Now is the time to incorporate additional biology‐based definitions of ER+ subtype into both clinical trials and management. Better biology‐based classification of ER+ breast cancers is essential to understand the complex underpinnings of recurrence and treatment resistance. However, additional subtyping of ER+ breast cancer cannot be done in isolation: race/ethnicity, access, and ZIP code also affect outcomes. As so eloquently stated by Borrell et al, race is a complex interplay of not just social and historical factors, but also ancestry. Elucidating the role of ancestry is necessary to fully understand the drivers of aggressive ER+ breast cancer biology in Black women. Kim et al rightly address the potential power of exploring the impact of ancestry and country of origin on outcomes and management. As demonstrated by Serrano‐Gomez et al, ancestry can impact variation of gene expression and outcomes in women with ER+ breast cancer. The authors, however, also note the limitation of noninclusion of SDH in many historical clinical trials. The fast pace at which novel trials promote precision medicine mandates more robust definitions of the people we treat. For example, the new addition of CDK 4/6 inhibitors to the treatment paradigm for ER+ breast cancer has affected DRFS, but a racial or even ancestral predilection has yet to be fully determined, and even less the impact of SDH on outcomes.
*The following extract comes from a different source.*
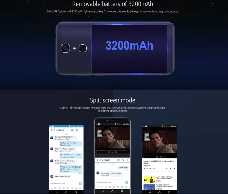Το Cubot X18 τρέχει το Android 7.0 Nougat, και μπορούμε να έχουμε όλες τις δυνατότητες του λειτουργικού της Google, Η μπαταρία έχει χωρητικότητα στα 3200mAh και είναι πολύ χρήσιμο που είναι αποσπώμενη.

In summary, using pooled standardized national trial data, Kim et al clearly demonstrate worse survival among Black women with ER+ breast cancer, especially those treated with NAC without pCR. Their study serves as an important platform from which to dive deeper into the mechanisms driving this disparity. To do so, we must provide precise molecular definitions of ER+ disease as well as integrate the societal and biological factors that contribute to the all‐encompassing term “race.” Biology and treatment resistance likely play a role in outcomes, and further research is needed to explore these areas while incorporating better definitions of disease characteristics and the populations affected. Only then will we be able to move the needle in comprehensively understanding and addressing survival disparities in Black women with ER+ breast cancer.